Immune Checkpoint Inhibitor-Related Pulmonary Toxicity: Focus on Nivolumab

Hazim Bukamur, MD; Heather Katz, DO; Mohamed Alsharedi, MD; Akram Alkrekshi, MD, PgDip, MRCP(UK); Yousef R. Shweihat, MD; Nancy J. Munn, MD


South Med J. 2020;113(11):600-605. 

In This Article

Nivolumab-related Pulmonary Infection Reactivation (Tuberculosis/Aspergillosis)
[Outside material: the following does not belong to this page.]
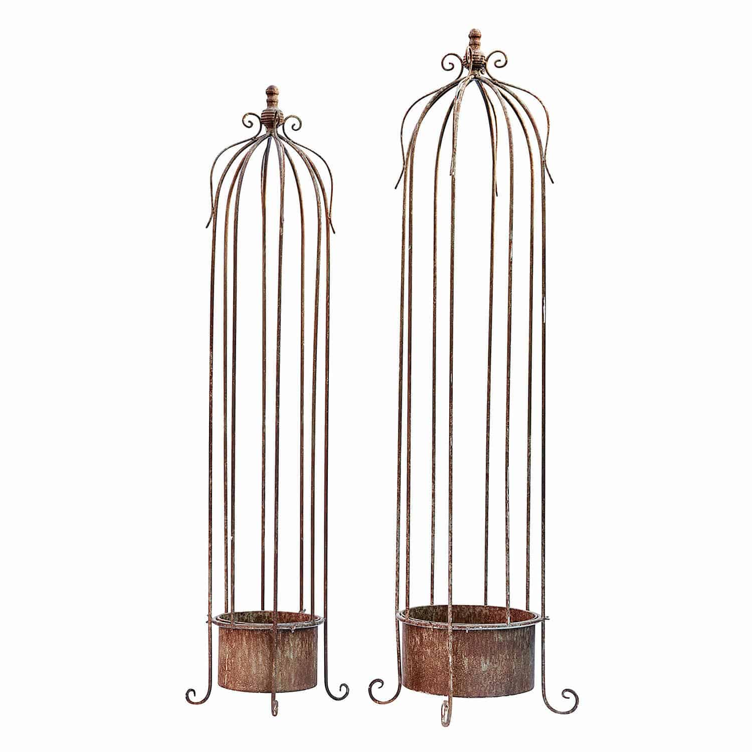 Mit dem Einsatz dieses Rankhilfe-Sets bringen Sie einen nostalgischen Touch in Ihren Garten. Die beiden Rankhilfen, hergestellt aus widerstandsfähigem Eisen und in unterschiedlichen Größen erhältlich, verströmen einen ländlichen Charme, der durch das antike Rost-Finish hervorgehoben wird. Sie sind perfekt geeignet für Rosen, Efeu oder Clematis – die dekorativen Eisenstangen bieten Ihren Pflanzen optimalen Halt und machen sie zu einem Highlight in Ihrem Garten oder auf Ihrer Terrasse. Ob einzeln oder im Paar platziert, diese Rankhilfen sind sowohl funktional als auch ästhetisch ansprechend und vermitteln jedem Außenbereich eine romantische Atmosphäre.
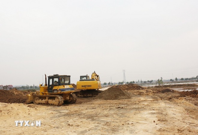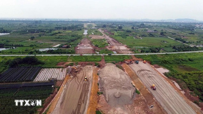 Các nhà thầu đẩy nhanh tiến độ thi công dự án đường Vành đai 4 trên địa bàn thị xã Quế Võ, tỉnh Bắc Ninh. (Ảnh tư liệu: Thanh Thương/TTXVN)

Case reports have described the reactivation of latent infection after starting immune checkpoint inhibitors which may indicate an immunomodulatory effect that enhances the immune reaction to infectious disease, simulating the immune reconstitution inflammatory syndrome.[30,31] In addition, immunosuppressive therapy for immune-related adverse events can be a risk factor for infectious disease.[30]

Two cases of pulmonary infection reactivation after starting nivolumab have been reported thus far. One case was an acute exacerbation of progressive pulmonary aspergillosis in a patient with stage IIB adenocarcinoma treated by nivolumab as a third-line therapy. A CT scan of this patient revealed a remarkable remission of the tumor but acute progression of a fungus ball in the cavity with infiltration, suggesting the exacerbation of progressive pulmonary aspergillosis. He was treated with voriconazole with stabilization of the cavitary lesion, and the patient became asymptomatic and was able to continue receiving nivolumab afterward.[30]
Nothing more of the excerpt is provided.